Philos/Doost
I will dedicate an image, “Philos/Doost” from my photographic performance-based series: She Speaks Greek Farsi (2009).
In my series, She Speaks Greek Farsi (2009), my abdomen serves as the site of language. An expression in Greek, to speak any language in a “Farsi way”, is a comment on how fluent and well someone speaks that language. So to speak “Greek Farsi” or “English Farsi” is to speak Greek or English well. By implication and inspiration, if such a compliment exists today (despite the ancient history of war between the Greeks and the Persians), then other similar signs of respect between antagonistic nations might be possible.
From the concrete world of my embodied experience, language is abstracted. At once personal and universal, private and public, I write words on my skin from the flesh of my own tri-cultural heritage. Words whose meanings, however, hold great potency for anyone who has had to relocate and emigrate: family, place, language, love, friend, birth, land, home, person, history, life, memory, body, self, and world.
My own skin is the surface paper on which my art is born.
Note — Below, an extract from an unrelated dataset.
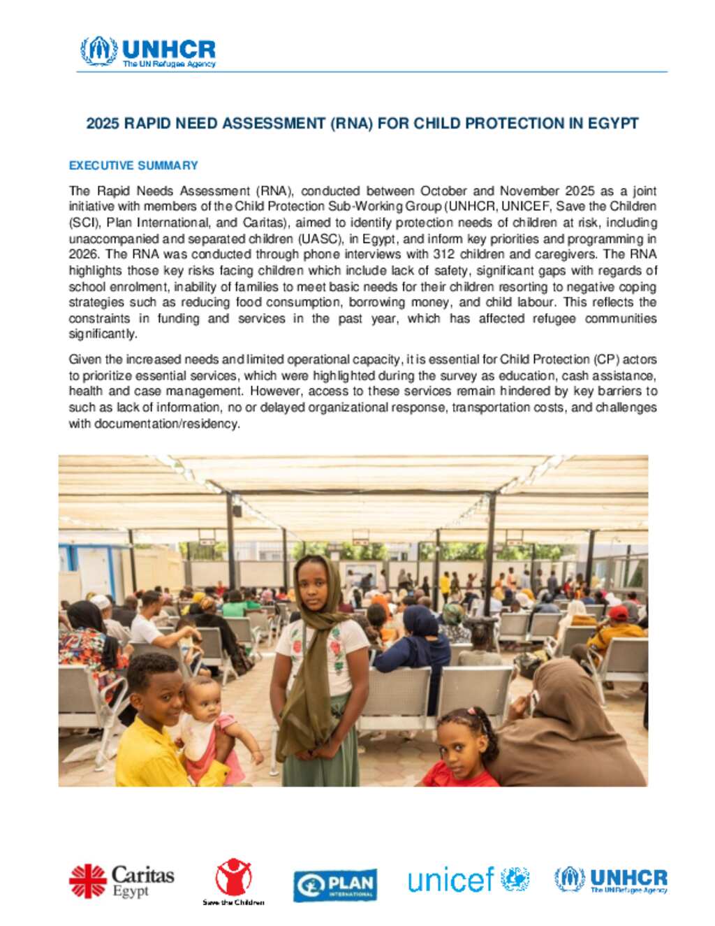 The Rapid Needs Assessment (RNA), conducted between October and November 2025 as a joint initiative with members of the Child Protection Sub-Working Group (UNHCR, UNICEF, Save the Children (SCI), Plan International, and Caritas), aimed to identify protection needs of children at risk, including unaccompanied and separated children (UASC), in Egypt, and inform key priorities and programming in 2026. The RNA was conducted through phone interviews with 312 children and caregivers. The RNA highlights those key risks facing children which include lack of safety, significant gaps with regards of school enrolment, inability of families to meet basic needs for their children resorting to negative coping strategies such as reducing food consumption, borrowing money, and child labour. This reflects the constraints in funding and services in the past year, which has affected refugee communities significantly.

Imagine love written on a womb like the stretch marks from giving birth. Words turn into marks of labor in the creative act. I write in what was my childhood’s handwriting on my skin, performing language. The Greek and Farsi words come from opposite directions, but meet in the middle, creating a calligraphy that travels somewhere between private graffiti and public tattoo. Against the backdrop of the political tensions between Iran and the United States, my work stands as an alternative interaction between differing cultures to the usual domination or demonization.